Gibbs (1988) deepened this idea by structuring reflection around six stages: description, feelings, evaluation, analysis, conclusion, and action plan. His cycle encourages learners to process both the cognitive and emotional elements of feedback. Acknowledging feelings of disappointment or frustration helps reduce defensiveness and prepares individuals to analyse outcomes objectively. By concluding with an action plan, Gibbs ensures that reflection leads to tangible change, completing the feedback loop with purposeful action.
How people respond to feedback is shaped by mindset. Dweck (2006) distinguishes between a fixed mindset, which views ability as static, and a growth mindset, which treats setbacks as opportunities for development. Professionals with a growth mindset engage more deeply with feedback, persist through challenges, and adapt their strategies until improvement occurs. This approach transforms feedback from evaluation into learning, supporting innovation and continual skill refinement.

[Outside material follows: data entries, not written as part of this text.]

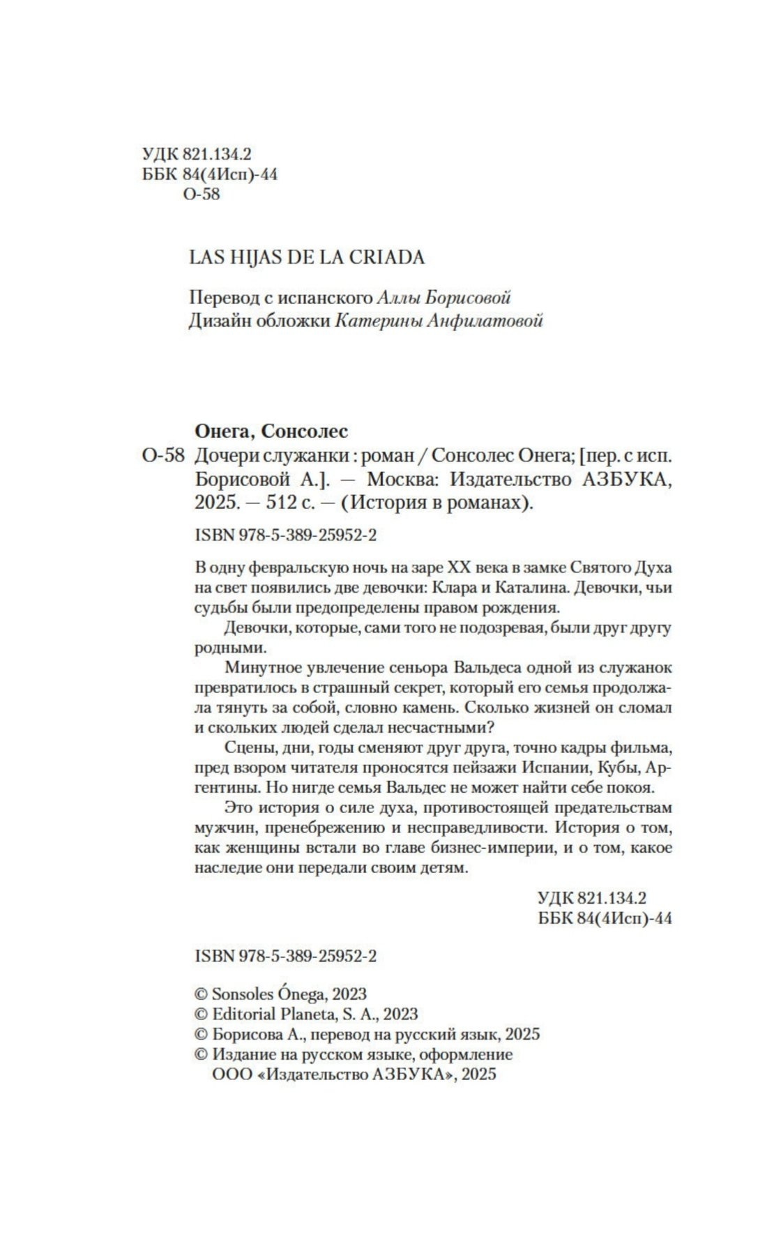 В одну февральскую ночь на заре XX века в замке Святого Духа на свет появились две девочки: Клара и Каталина. Девочки, чьи судьбы были предопределены правом рождения.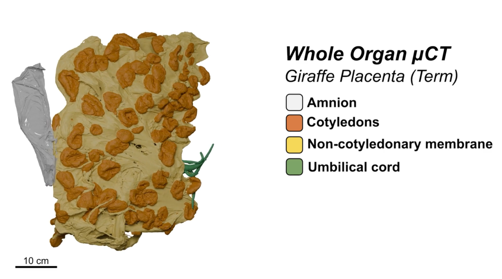 The placenta is one of the most structurally diverse organs in biology, it has evolved separately over 100 times across vertebrates, yet clinicians and biologists often rely on proxy measures such as weight, diameter or cotyledon counts to describe variation. These are easy to collect but can hide the real determinants of function- exchange surface area, exchange volume, and vascular network architecture. The team have developed new approaches to imaging and image analysis to capture these features directly, enabling like for like comparisons between species to understand the structure-function relationship in placental evolution.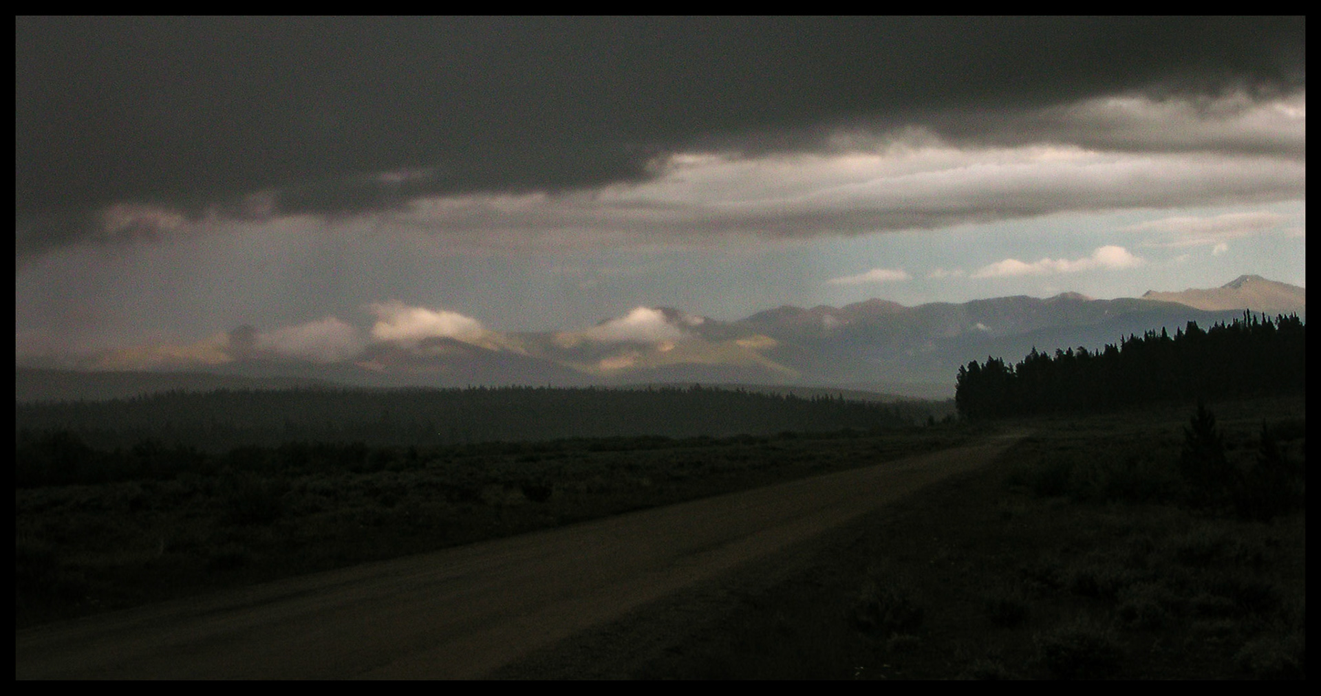 Sweeping colorful clouds and mountain range lit by the sunset with Taylor Park's Taylor Resevoir Colorado in the foreground. The mountains in the distance are part of the Collegiate Peaks in the Sawatch Range near Cottonwood Pass, near Tincup Colorado 1998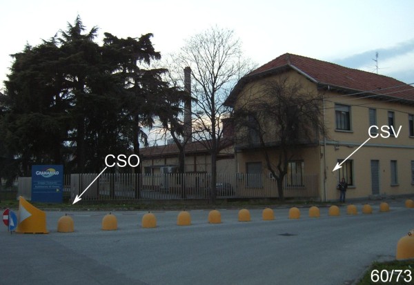 [{"simbolo_contrassegno":"B1","materializzazione":"(CSO) – Bullone infisso sul muretto di recinzione della Granarolo Spa lato Strada Statale, presso lo spigolo destro."},{"simbolo_contrassegno":"V6","materializzazione":"(CSV) – Piastrina con cilindretto infissa sulla parete del primo fabbricato a sinistra entrando, a 1,30 m dallo spigolo sinistro."}]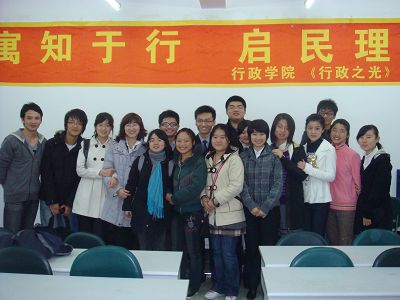115,《行政之光》杂志社的新老成员在逸夫MPA教室举行了《行政之光》杂志的换届大会。党委副书记佘彦老师,辅导员马景惠老师应邀出席会议。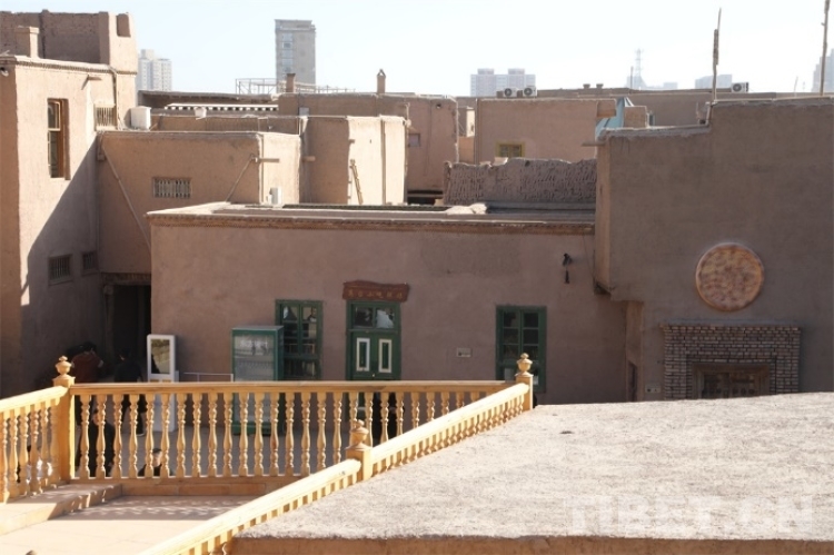 中國西藏網(wǎng)訊 在中國新疆維吾爾自治區(qū)喀什市,在繁榮熱鬧的喀什古城對面,僅一條馬路之隔,坐落著代表喀什傳統(tǒng)建筑靈魂的高臺民居。高臺民居又名闊孜其亞貝希老城區(qū),它位于吐曼河西岸一處高約30米、長寬約400米的黃土高臺上,其面積約57000平方米。“闊孜其亞貝?!庇懈哐峦撂盏囊馑?,因而高臺民居又被稱為高崖上的土陶人家。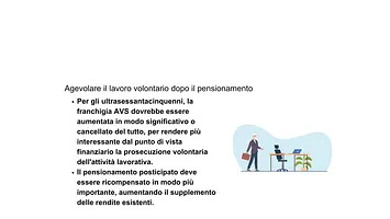 Per gli ultrasessantacinquenni, la franchigia AVS dovrebbe essere aumentata in modo significativo o cancellato del tutto, per rendere più interessante dal punto di vista finanziario la prosecuzione volontaria dell’attività lavorativa.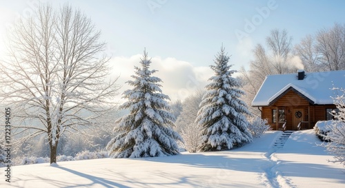 winter, snow, snowy, cabin, filed, house, home, wood, wooden, log, chimney, smoke, roof, white, cold, freeze, frosty, bright, sun, sunny, sunlight, light, sky, blue, cloud, tree, tree, evergreen, pine, spruce, deciduous, bare, branch, forest, nature, landscape, rural, tranquil, peaceful, serene, day, path, footstep, shadow, beautiful, picturesque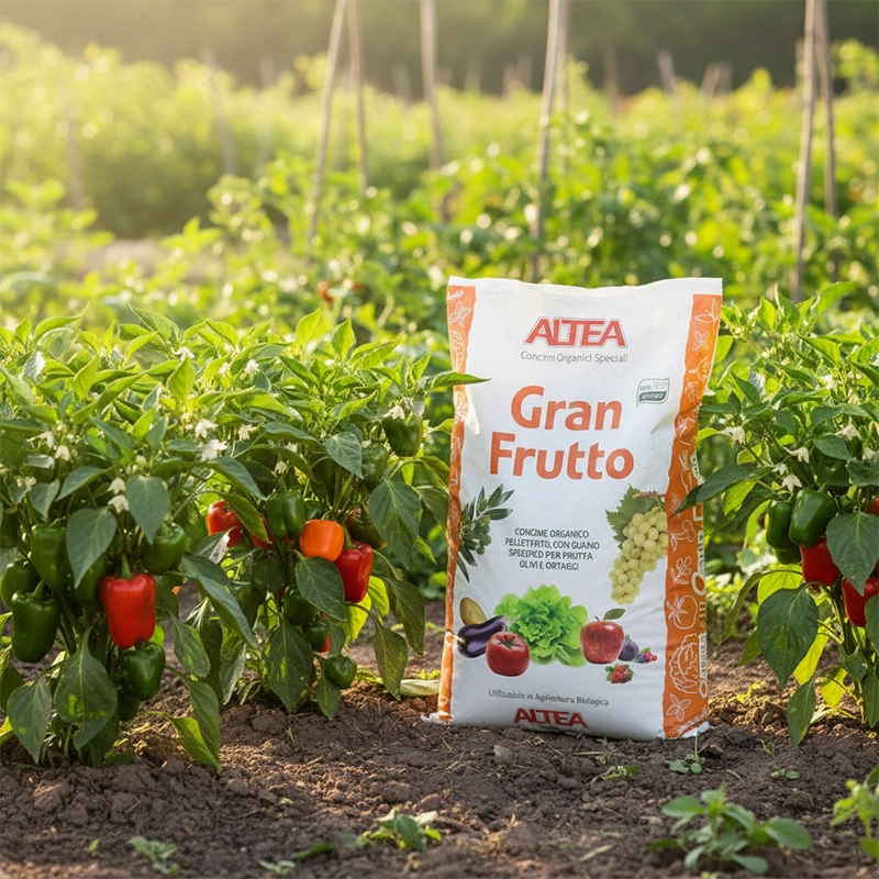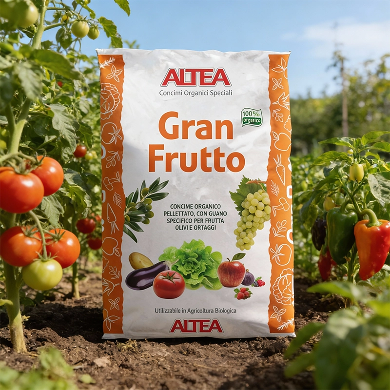 Altea Gran Frutto je peletirano organsko gnojilo za ekološko pridelavo sadja, oljk in vrtnin. S počasnim sproščanjem zagotavlja rastlinam dolgotrajno hranilno podporo.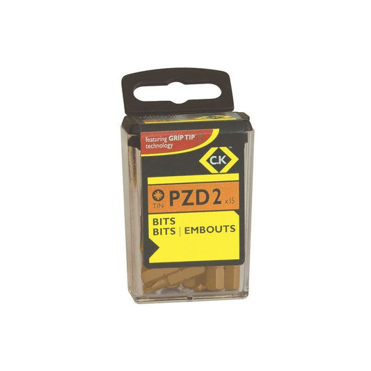CK Tools Screwdriver Bit PZD2 TIN Box Of 15 T4562TIN-215

Setbacks also test emotional resources. Luthans, Youssef and Avolio (2007) identify psychological capital, hope, efficacy, resilience, and optimism (the HERO model), as key attributes that enable individuals to recover from failure. Hope generates motivation to find alternative routes to success; efficacy builds confidence to apply feedback; resilience supports persistence; and optimism maintains belief in eventual progress. Strengthening these traits turns the discomfort of critique into the energy for renewal.
Feedback thrives only within environments that invite honesty and dialogue. Edmondson (2019) shows that psychological safety, the shared belief that it is safe to take interpersonal risks, allows people to admit mistakes, seek clarification, and share learning. Without it, even accurate feedback can be filtered or ignored through fear of blame. Creating such safety requires leaders and peers to model openness, frame errors as data, and respond appreciatively when concerns are raised.
Gathering feedback effectively is an active skill, not a passive event. London and Smither (2002) describe feedback orientation, the degree to which individuals seek, welcome, and use feedback, as a driver of continuous performance improvement. Professionals can obtain feedback formally through performance reviews, mentoring, or structured 360-degree assessments, and informally through peer conversations, after-action reviews, or client interactions. Combining both ensures a richer and timelier picture of performance. Integrating these methods into a deliberate feedback loop, receiving, reflecting, and applying, creates a self-reinforcing system of growth.
When these perspectives are combined, feedback becomes more than information exchange: it is a dynamic cycle of reflection, resilience, and renewal. Individuals who embrace this process demonstrate adaptability and psychological maturity. They transform setbacks into stepping-stones, using every challenge as evidence to refine judgement and sustain learning throughout their careers.
Action Point
Identify one recent setback or piece of feedback that challenged you. Using Gibbs’ reflective cycle, explore your reactions, insights, and what actions you can take next. How can you strengthen your feedback loop so learning becomes a consistent part of your development?